The question of why dogs were domesticated has been long debated without any conclusive arguments. Domesticating wolves was a new form of positive interaction within the carnivore guild. This process has been explained by two hypotheses: one posits that humans actively tamed dogs as hunting partners; the other argues that docile wolves (short fleeing distance) were attracted to waste zones near human settlements and gradually adapted to life alongside humans33. Both hypotheses are problematic.

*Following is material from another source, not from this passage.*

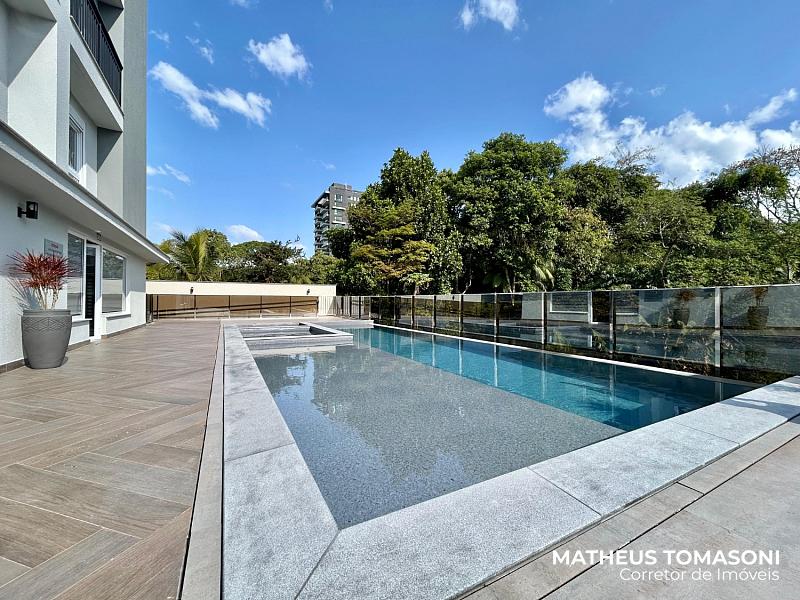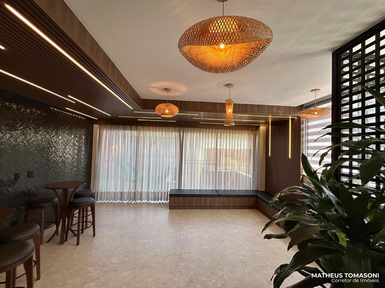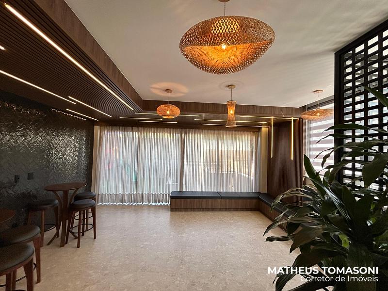 Este oferece um living integrado fechado com pele de vidro, cozinha espaçosa com churrasqueira à carvão, área de serviço espaçosa, lavabo e três suítes generosas, sendo uma com espaço de closet.

It is unlikely that untamed wolves were cooperative hunting partners with humans. Moreover, the dogs do not necessary increase hunting success34. Tamed wolves would only have been significant hunting partners after collaboration and highly advanced communication between the two species evolved. This is not likely to have happened during the initial pet stage but later when dogs were domesticated and sociable with humans. The hunting partner theory does not work in cold regions because dogs are likely to increase hunting success only outside of the natural habitat of grey wolves, thus not in the area of initial domestication34. Although the Palaeolithic wolf habitat is unknown, it very likely covered the arctic or subarctic regions, thus making the actual domestication region poorly compatible with the ‘hunting partner’ model.

It is also unlikely that wolves were attracted to human waste. During the Palaeolithic, it is unlikely that humans occupied sedentary or semi-sedentary sites where substantial amounts of waste could be generated35. Moreover, based on isotopic analysis, early dogs had a different diet from humans36,37 suggesting that early dogs were not adapted to consuming human food waste but were selectively fed a terrestrial animal based diet—in our hypothesis, surplus protein. In this way our partitioning theory supports the hypothesis that human food waste played a role in dog domestication, although not necessarily discarded foods, but human excess lean meat which may have been actively fed to dogs.

We suggest that the domestication of dog needs to be understood in terms of competition over resources in the particularly severe environment that prevailed in northern Eurasia during the latter part of the Last Ice Age. In such a context, Upper Palaeolithic hunter-gatherers would have had excess protein available to feed to captured/pet wolves. The digestive system of early dogs was not adapted to a diet high in floral resources31.

Currently most modern dogs have an expansion of genes coding for amylase, indicating an increased ability to digest starch38. This expansion is lacking in some ancient breeds and the copy number vary even in wolves, suggesting that this was not a shared feature in early dogs. Contrary to later periods where dogs are shown to eat a largely similar diet to humans39, the diet of Palaeolithic dogs probably mostly consisted of only terrestrial meat36.

Conclusions

We suggest that the differences between dietary constraints of wolves and humans enabled dog domestication in harsh environments in the Late Pleistocene. Excess protein decreased dietary competition and enhanced the possibility of sympatric existence. This could have been a significant impetus for wolves to become “our best friend”.

Methods

A list of the main prey species of wolves are included in the supplemental materials. The energy content was calculated according to the Atwaters system, being 17 MJ/kg for protein and 38 MJ/kg for lipids and it was based on the total energy content of each animal.

The energy per kg of average animal (dry weight) left over when 45% of caloric intake would be protein was calculated as:

$${\text{Energy left over from protein }} = \, \left( {{\text{CP}}*{17}} \right) - \left( {{\text{EE}}*{38}*{45}/{55}} \right)$$

where CP = Crude protein (g/100 g DM), EE = Ether Extract (g/100 g DM).